§ **Brief**: Please return the full listing exactly as written, with the images removed.

━━━ Source data ━━━

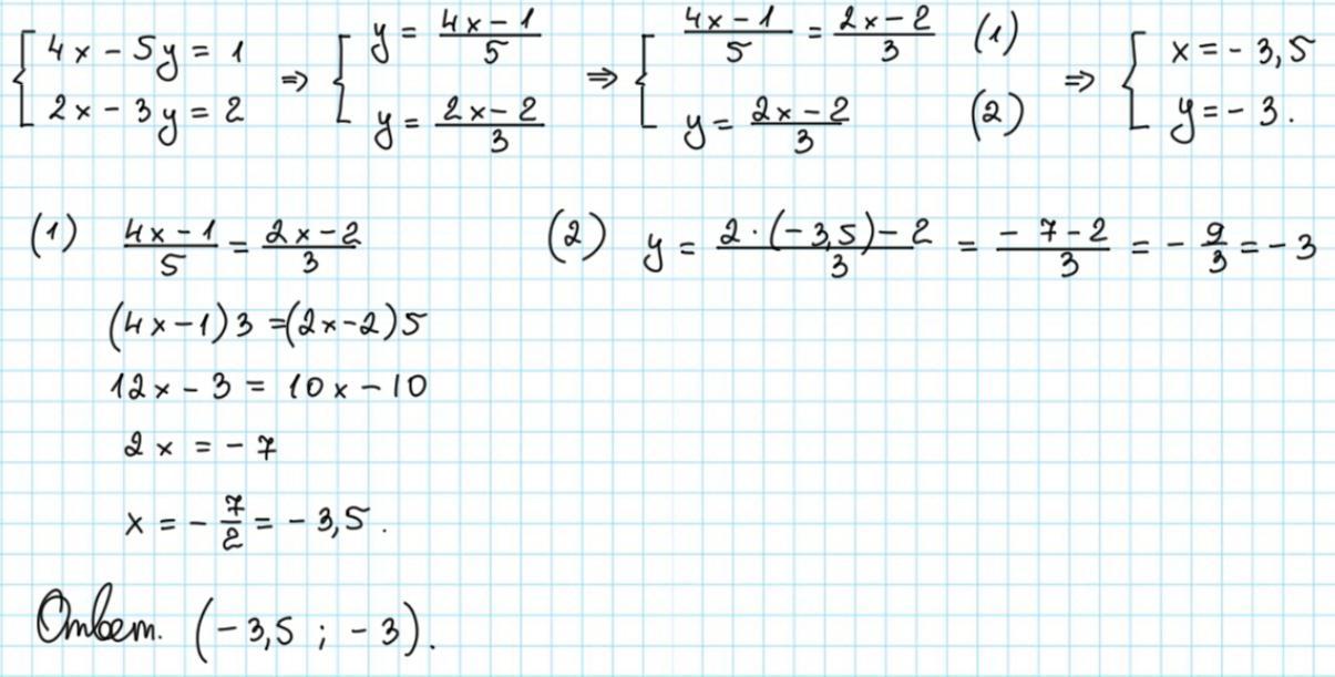 OTBET: решение - пара чисел: (- 7/2; -3)
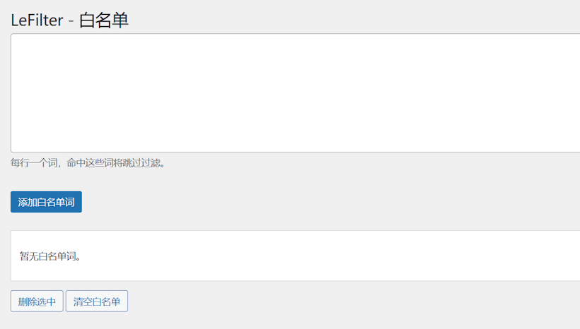 我们可以使用插件工具自动检索和过滤这些可能的敏感关键字。当然,市面上也有很多类似的插件和方法,有的甚至接入的百度文本审核API。在第一个版本的时候,老蒋没有考虑到接入百度文本审核,一来是需要付费,二来第三方可以得到常规的屏蔽关键字导入到本地库基本上可以起到屏蔽作用,三来毕竟也有整改期限,如果有被找可以再去定期添加关键字屏蔽库中。这不,经过张罗,这款 LeFilter 敏感关键字屏蔽插件初始版本上线。
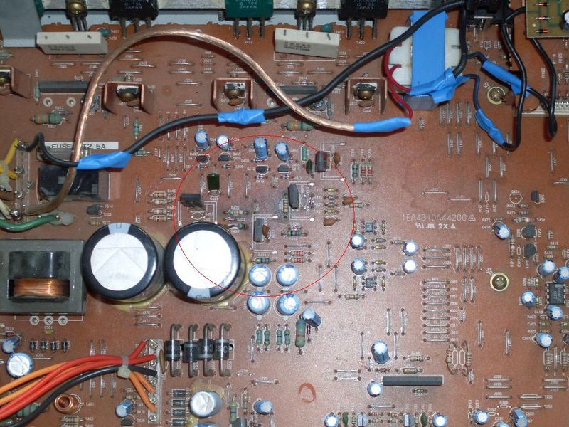 Nie widzę żeby jakiś element był "osmolony" tylko płytka w okolicach kondensatora i tranzystorów (czy to ma jakiś związek z zniekształceniami na jednym z kanałów?)

━━━

§ **Answer for the task**:
 OTBET: решение - пара чисел: (- 7/2; -3)
 我们可以使用插件工具自动检索和过滤这些可能的敏感关键字。当然,市面上也有很多类似的插件和方法,有的甚至接入的百度文本审核API。在第一个版本的时候,老蒋没有考虑到接入百度文本审核,一来是需要付费,二来第三方可以得到常规的屏蔽关键字导入到本地库基本上可以起到屏蔽作用,三来毕竟也有整改期限,如果有被找可以再去定期添加关键字屏蔽库中。这不,经过张罗,这款 LeFilter 敏感关键字屏蔽插件初始版本上线。
 Nie widzę żeby jakiś element był "osmolony" tylko płytka w okolicach kondensatora i tranzystorów (czy to ma jakiś związek z zniekształceniami na jednym z kanałów?)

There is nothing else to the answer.